Integral to Kronos' work is a series of long-running collaborations with many of the world's foremost composers, including Americans Terry Riley, Philip Glass, and Steve Reich; Azerbaijan's Franghiz Ali-Zadeh; Poland's Henryk Górecki; and Serbian-American Aleksandra Vrebalov. Additional collaborators have included Chinese pipa virtuoso Wu Man, performance artist Laurie Anderson, Azeri vocalist Alim Qasimov, Inuit throat singer Tanya Tagaq, Malian griot musicians Trio Da Kali, Paul McCartney, Carolina Chocolate Drops founder Rhiannon Giddens, Tom Waits, and The National.
On tour for five months per year, Kronos appears in the world's most prestigious concert halls, clubs, and festivals. Kronos is equally prolific and wide-ranging on recordings, including the Grammy- and Latin Grammy-nominated Nuevo (2002) and the 2004 Grammy winner, Alban Berg's Lyric Suite.
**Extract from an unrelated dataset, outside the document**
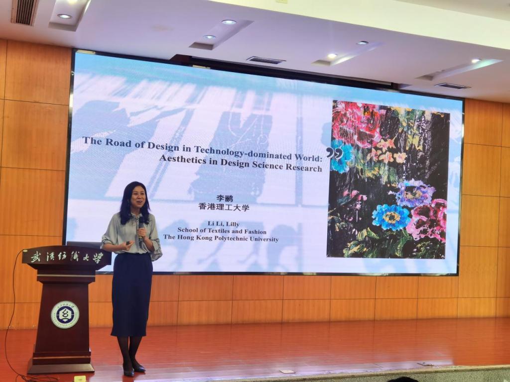 的师生。李鹂教授围绕艺术设计与科学技术的交叉融合,从时尚产品设计、科学研究和产业化应用等方面介绍了她及所在团队的科研经历及丰富的科研成果,展示了艺术设计与科学技术交叉融合在科学研究中的重要意义。

Kronos' most recent releases include The Sea Ranch Songs, featuring music by Aleksandra Vrebablov and film by Andrew Lyndon, and Pelle Gudmundsen-Holmgreen's Green Ground, written for Kronos Quartet and Theatre of Voices.
The nonprofit Kronos Performing Arts Association (KPAA) manages all aspects of Kronos' work, including commissioning, concert tours and local performances, education programs, and the annual KRONOS FESTIVAL in San Francisco. In 2015, KPAA launched Fifty for the Future: The Kronos Learning Repertoire, a new education initiative that is commissionin 50 new works (five by women and five by men each year for five years) that are designed expressly for the training of students and emerging professionals. Companion materials, including scores and parts, recordings, videos, performance notes, and composer interviews, are being distributed on kronosquartet.org for free.